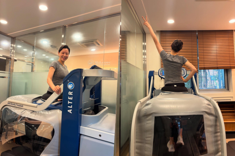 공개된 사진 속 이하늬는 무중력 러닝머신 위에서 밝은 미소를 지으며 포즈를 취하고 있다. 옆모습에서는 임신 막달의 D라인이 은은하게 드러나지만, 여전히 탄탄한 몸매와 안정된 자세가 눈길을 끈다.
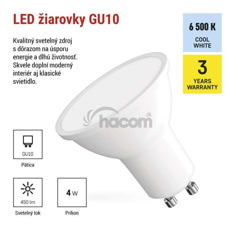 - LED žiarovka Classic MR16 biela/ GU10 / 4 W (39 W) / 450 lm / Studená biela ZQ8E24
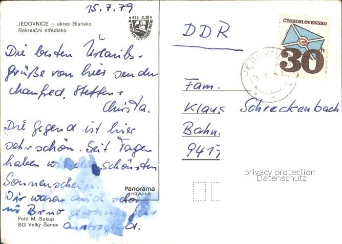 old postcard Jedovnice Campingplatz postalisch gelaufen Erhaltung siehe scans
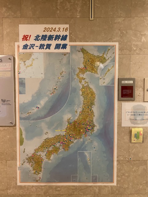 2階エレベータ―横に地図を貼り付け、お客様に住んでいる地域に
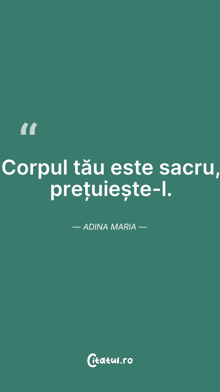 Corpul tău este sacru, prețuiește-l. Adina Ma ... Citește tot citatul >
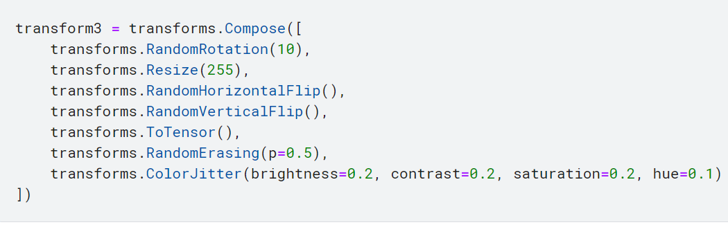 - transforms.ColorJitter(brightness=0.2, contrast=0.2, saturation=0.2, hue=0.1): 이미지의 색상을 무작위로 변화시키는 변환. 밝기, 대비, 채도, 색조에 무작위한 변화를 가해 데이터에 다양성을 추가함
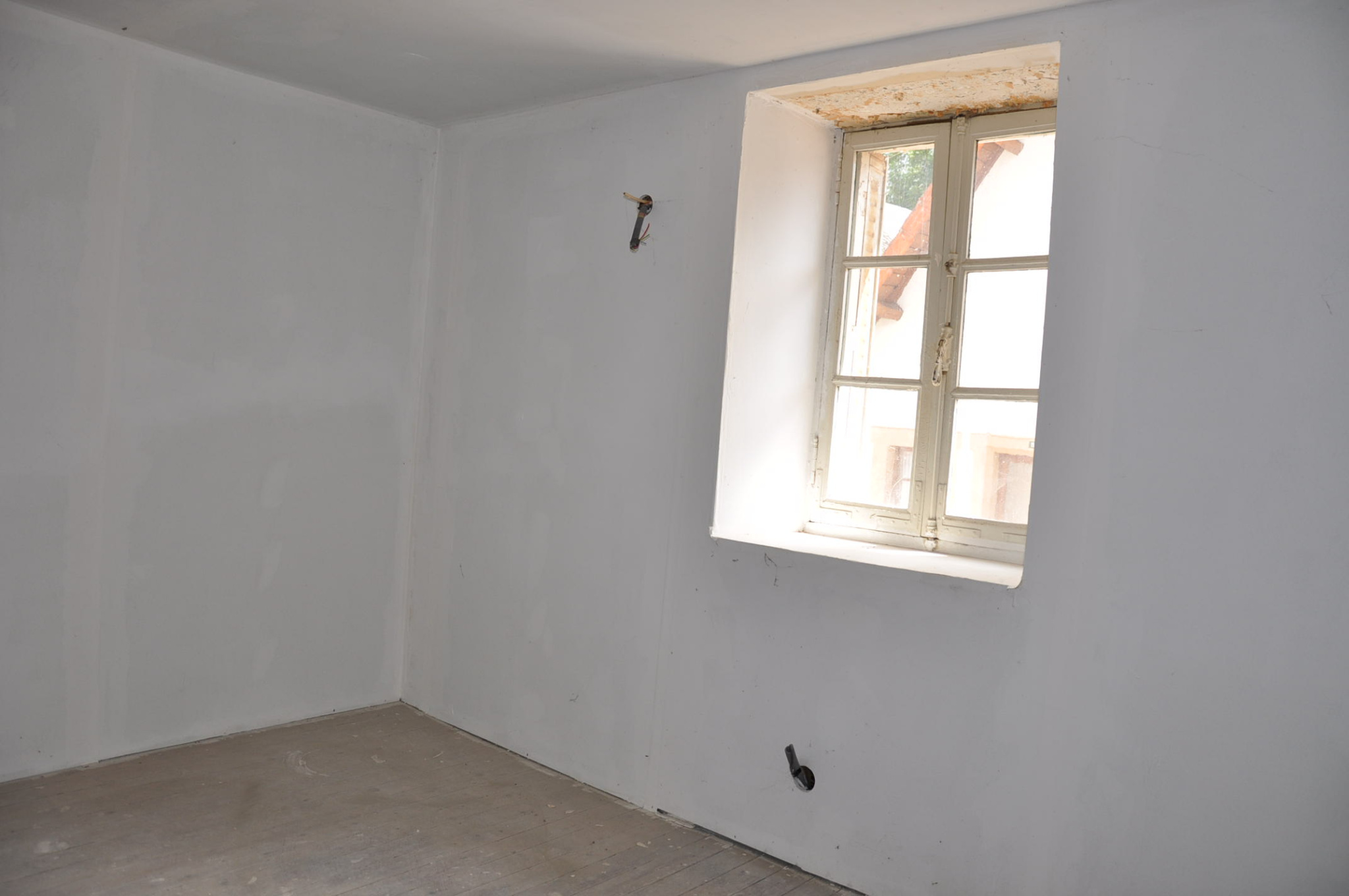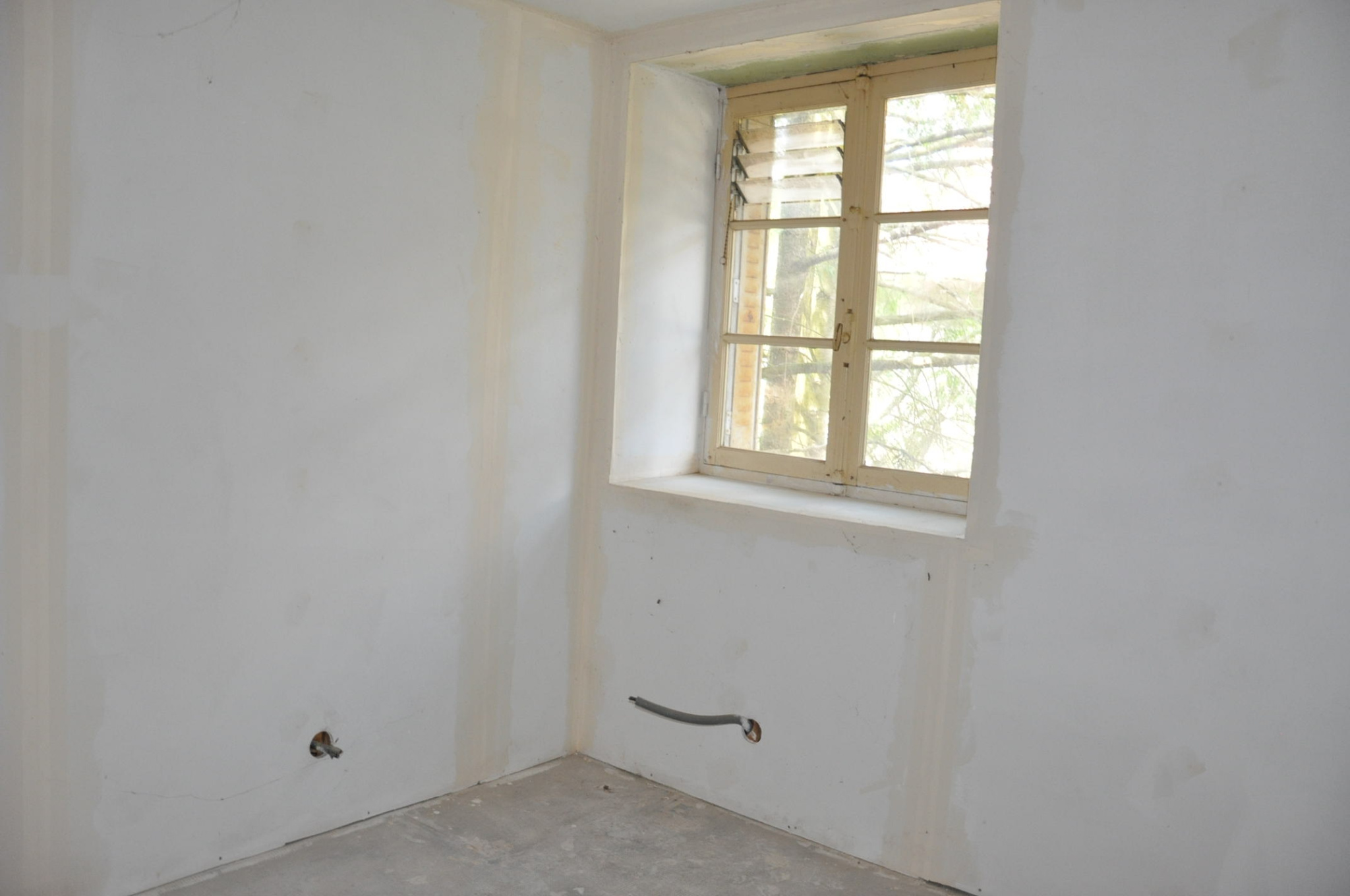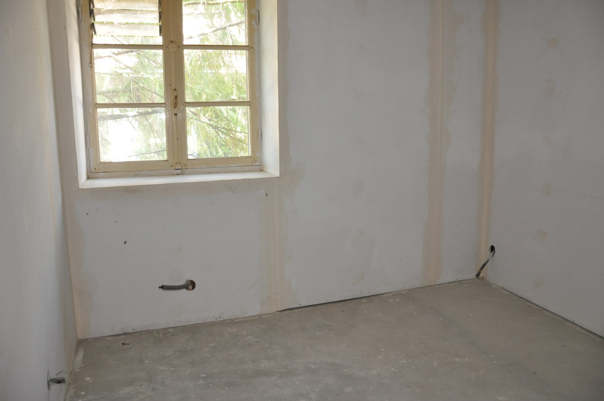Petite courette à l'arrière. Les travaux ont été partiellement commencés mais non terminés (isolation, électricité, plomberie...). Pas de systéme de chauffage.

━━━━━━━━━━━━━━━━

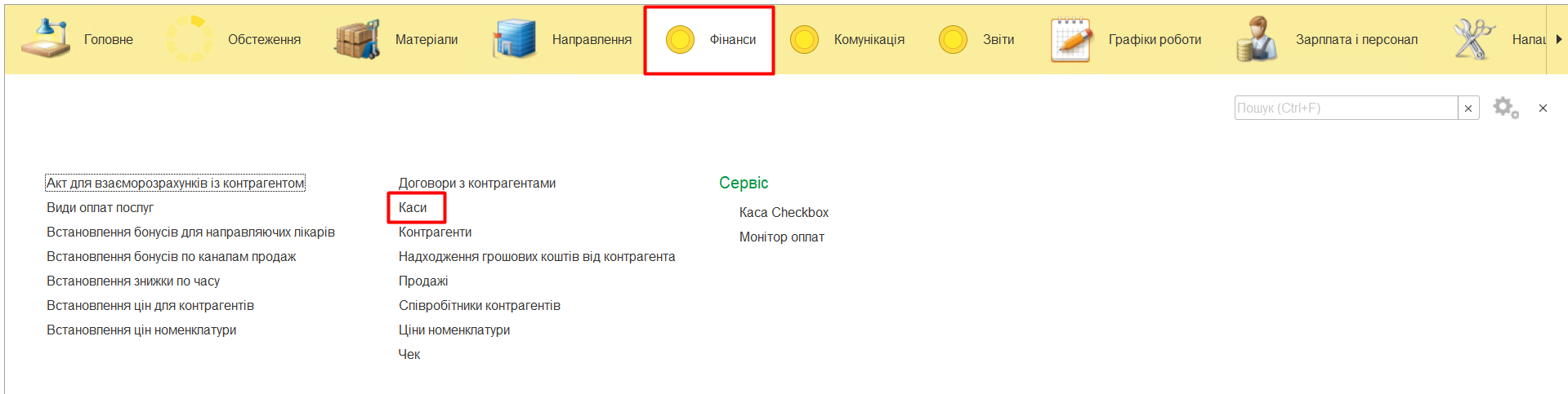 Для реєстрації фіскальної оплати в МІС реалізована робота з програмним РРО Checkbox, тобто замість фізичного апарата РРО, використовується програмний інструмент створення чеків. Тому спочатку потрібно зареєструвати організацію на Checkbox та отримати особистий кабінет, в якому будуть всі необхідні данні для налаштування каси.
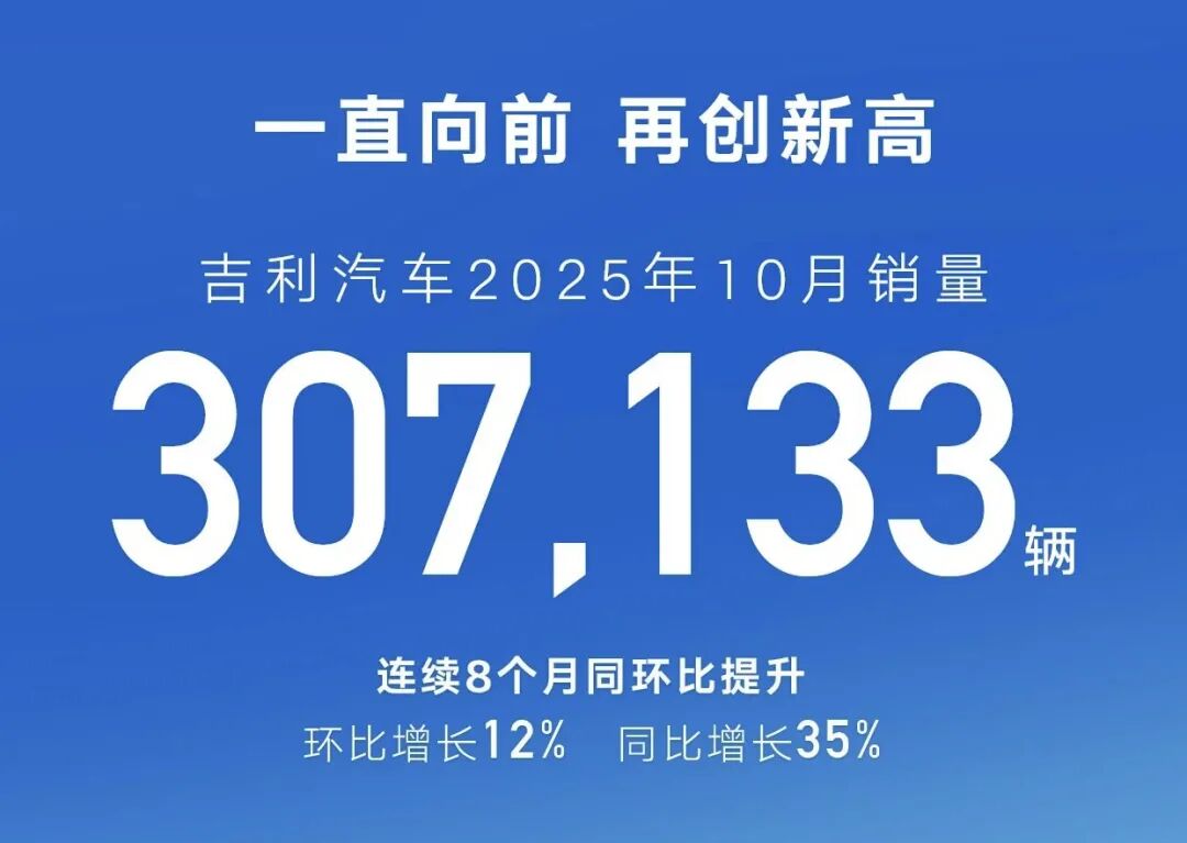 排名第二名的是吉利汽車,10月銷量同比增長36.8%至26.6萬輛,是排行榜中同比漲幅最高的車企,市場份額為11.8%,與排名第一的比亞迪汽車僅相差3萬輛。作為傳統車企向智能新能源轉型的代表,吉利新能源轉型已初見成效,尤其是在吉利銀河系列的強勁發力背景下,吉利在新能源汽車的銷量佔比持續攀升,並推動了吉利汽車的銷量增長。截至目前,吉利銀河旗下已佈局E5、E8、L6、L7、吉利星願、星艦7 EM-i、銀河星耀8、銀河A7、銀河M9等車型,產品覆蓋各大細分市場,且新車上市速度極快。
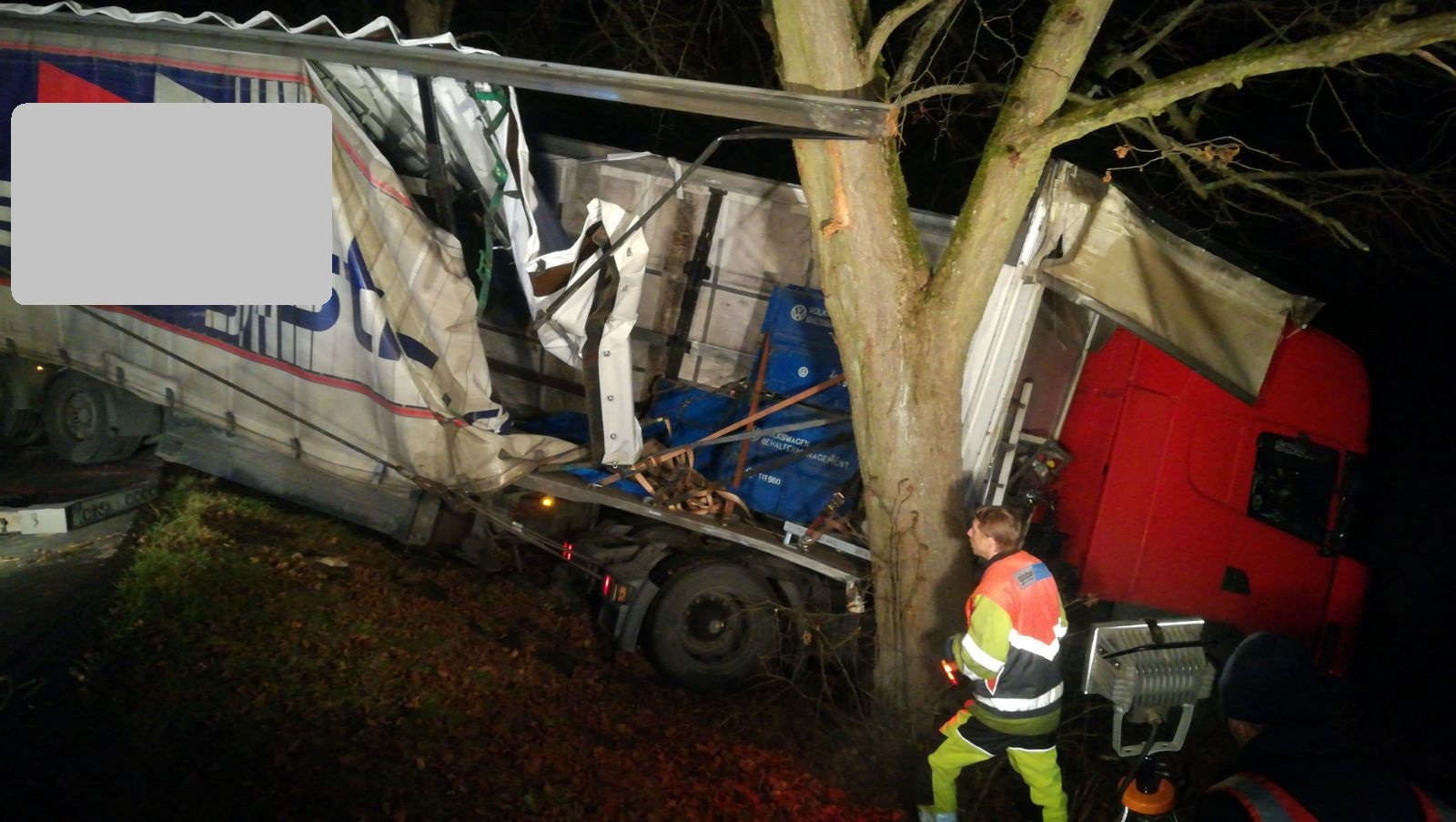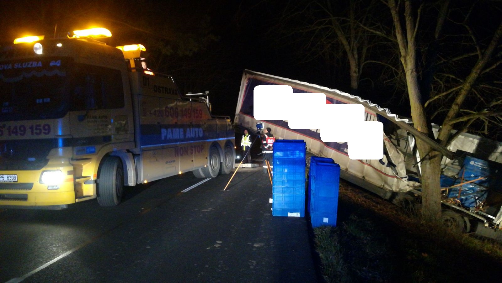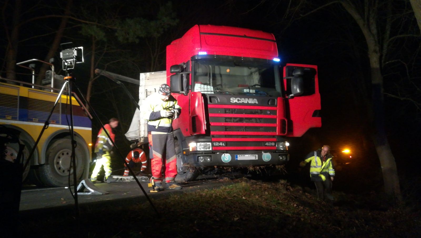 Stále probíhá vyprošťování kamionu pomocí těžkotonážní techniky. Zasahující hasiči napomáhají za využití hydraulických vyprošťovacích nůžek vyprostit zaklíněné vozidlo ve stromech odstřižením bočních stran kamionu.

━━━━━━━━━━━━━━━━

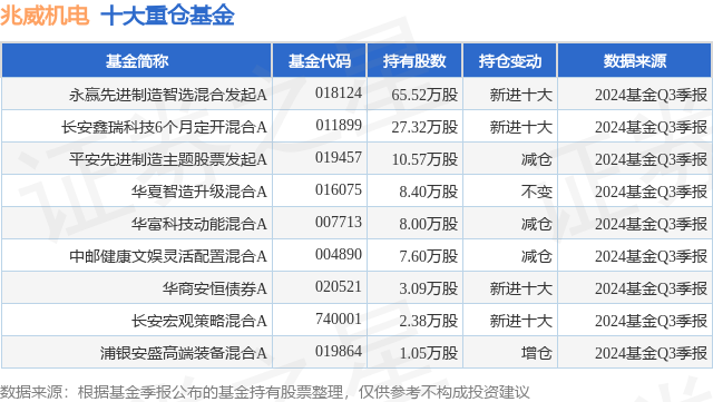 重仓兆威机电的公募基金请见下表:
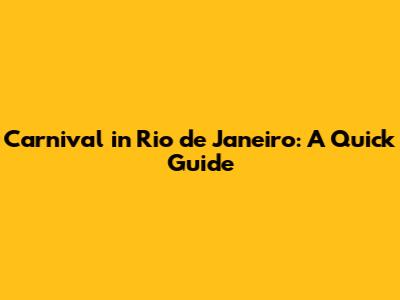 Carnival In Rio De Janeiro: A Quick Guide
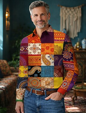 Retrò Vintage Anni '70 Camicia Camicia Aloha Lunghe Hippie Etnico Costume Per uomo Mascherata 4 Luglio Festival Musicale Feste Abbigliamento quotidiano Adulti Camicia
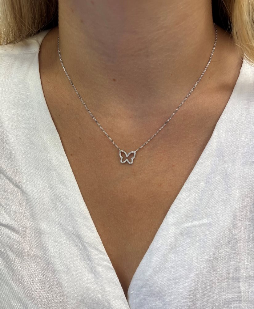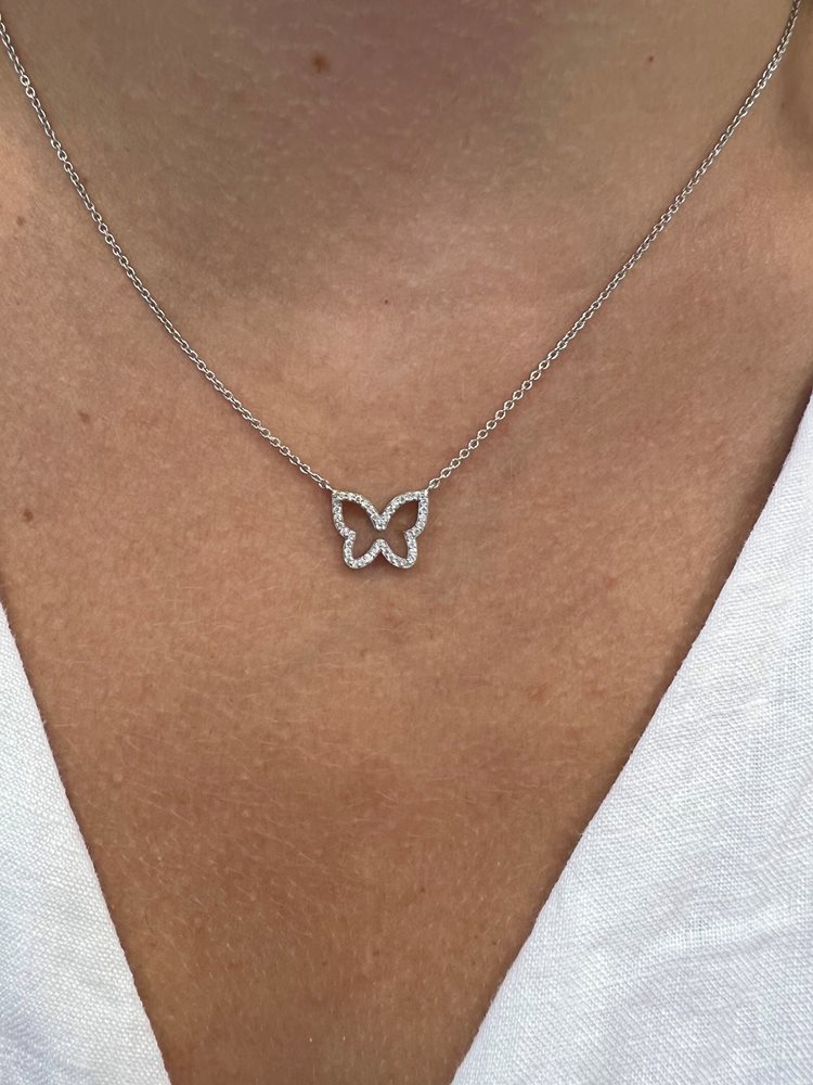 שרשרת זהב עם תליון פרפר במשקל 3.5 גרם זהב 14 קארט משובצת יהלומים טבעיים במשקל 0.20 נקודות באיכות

━━━━━━━━━━━━━━━━

→ **Your assignment**
Please output, exactly as written, the lines above from the one holding "Для реєстрації фіскальної" through the one holding "Stále probíhá vyprošťování", both included, with the pictures omitted.

→ **Response to the task**
 Для реєстрації фіскальної оплати в МІС реалізована робота з програмним РРО Checkbox, тобто замість фізичного апарата РРО, використовується програмний інструмент створення чеків. Тому спочатку потрібно зареєструвати організацію на Checkbox та отримати особистий кабінет, в якому будуть всі необхідні данні для налаштування каси.
 排名第二名的是吉利汽車,10月銷量同比增長36.8%至26.6萬輛,是排行榜中同比漲幅最高的車企,市場份額為11.8%,與排名第一的比亞迪汽車僅相差3萬輛。作為傳統車企向智能新能源轉型的代表,吉利新能源轉型已初見成效,尤其是在吉利銀河系列的強勁發力背景下,吉利在新能源汽車的銷量佔比持續攀升,並推動了吉利汽車的銷量增長。截至目前,吉利銀河旗下已佈局E5、E8、L6、L7、吉利星願、星艦7 EM-i、銀河星耀8、銀河A7、銀河M9等車型,產品覆蓋各大細分市場,且新車上市速度極快。
 Stále probíhá vyprošťování kamionu pomocí těžkotonážní techniky. Zasahující hasiči napomáhají za využití hydraulických vyprošťovacích nůžek vyprostit zaklíněné vozidlo ve stromech odstřižením bočních stran kamionu.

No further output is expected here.